Предубеждения поддерживаются и средствами массовой информации. Когда происходит преступления, они спешат сообщить, ставился ли виновнику преступления ранее психиатрический диагноз, и были ли у него в прошлом контакты с психиатрическими лечебными заведениями. Я знаю, что люди с психическими заболеваниями убивают других людей. Я также знаю, что люди, не имеющие психических заболеваний, иногда становятся убийцами, и знаю, что большинство людей, к счастью, не убивают друг друга. Беда в том, что в своих представлениях мы так склонны объединять людей с психическйми заболеваниями в группу, и если один из них убил человека, отчего же другим не делать того же? Разумеется, это не так, но, сталкиваясь с жестоким и пугающим насилием, проще всего думать, что эти преступления совершаются людьми, непохожими на нас. Признавать темные стороны собственного Я действительно тяжело, трудно признать, что горячая любовь может превратиться в ненависть, или примерить на себя такую жизненную ситуацию, которая может довести родителей до убийства собственных детей. Тут уж гораздо легче думать, что насилие и убийства совершают какие-то другие люди, непохожие на нас. Больные люди. Пациенты психиатрических клиник, невменяемые, не такие, как мы. Это страшно, но есть простое решение: этих других, непохожих на нас, мы можем посадить за решетку. Возможно, это не сильно изменит статистику насильственных смертей. Но мы, по крайней мере, снимем с себя ответственность за эти убийства и свою ответственность за наше общество и за его развитие. А это уже кое-что!
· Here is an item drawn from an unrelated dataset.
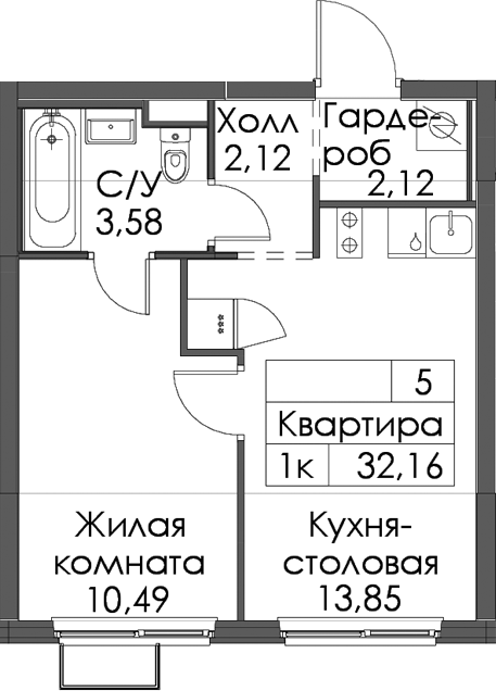 - Площадь32,16 м2
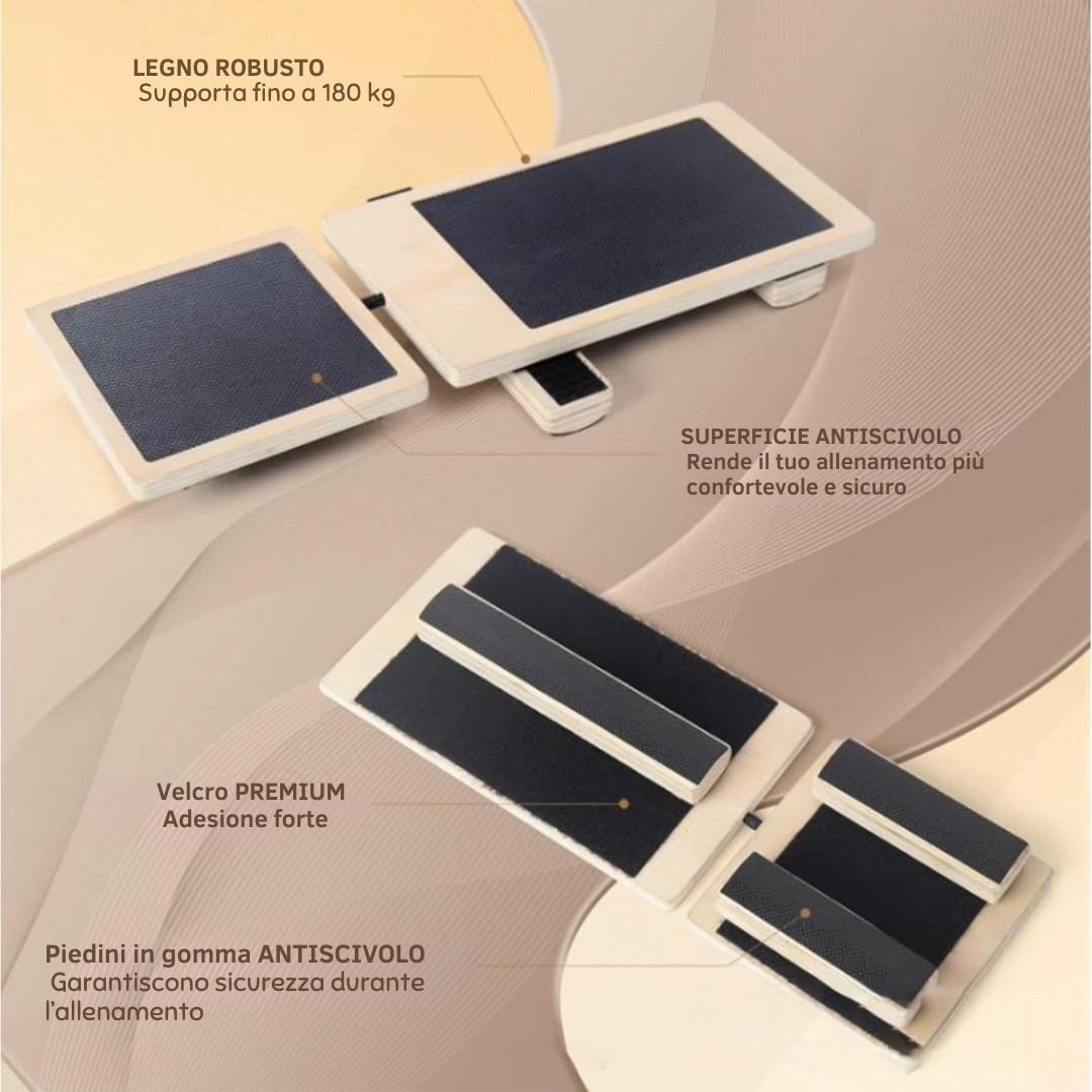 A differenza delle tradizionali tavole da equilibrio a due piedi, l’altezza ridotta e il design a una sola gamba dell’Equilibro obbligano ad attivare i muscoli intrinseci del piede e della caviglia.

Средства массовой информации, конечно, тоже можно использовать для борьбы против того, чтобы на людях, страдающих или страдавших психическими заболеваниями, раз и навсегда ставилось несмываемое клеймо. Сейчас в обществе стало гораздо больше открытости, чем было еще несколько лет тому назад, и все больше людей открыто делятся своим опытом, рассказывая о том, с чем им приходилось сталкиваться из-за психической болезни. Это очень полезно, ведь чем больше примеров мы будем знать, тем богаче и подробнее будет выглядеть общая картина. Мы видим людей различных профессий, с различными условиями жизни, различными диагнозами. Симпатичных, несимпатичных, мужественных и нытиков. Получающих и не получающих лекарственное лечение, рассказывающих о позитивном и негативном опыте общения с системой здравоохранения. «Психически больные» люди не обязательно «все такие». Сталкиваясь с вызовами, которые встречаются на жизненном пути, люди ведут себя очень по-разному, и так же по-разному они ведут себя в болезни.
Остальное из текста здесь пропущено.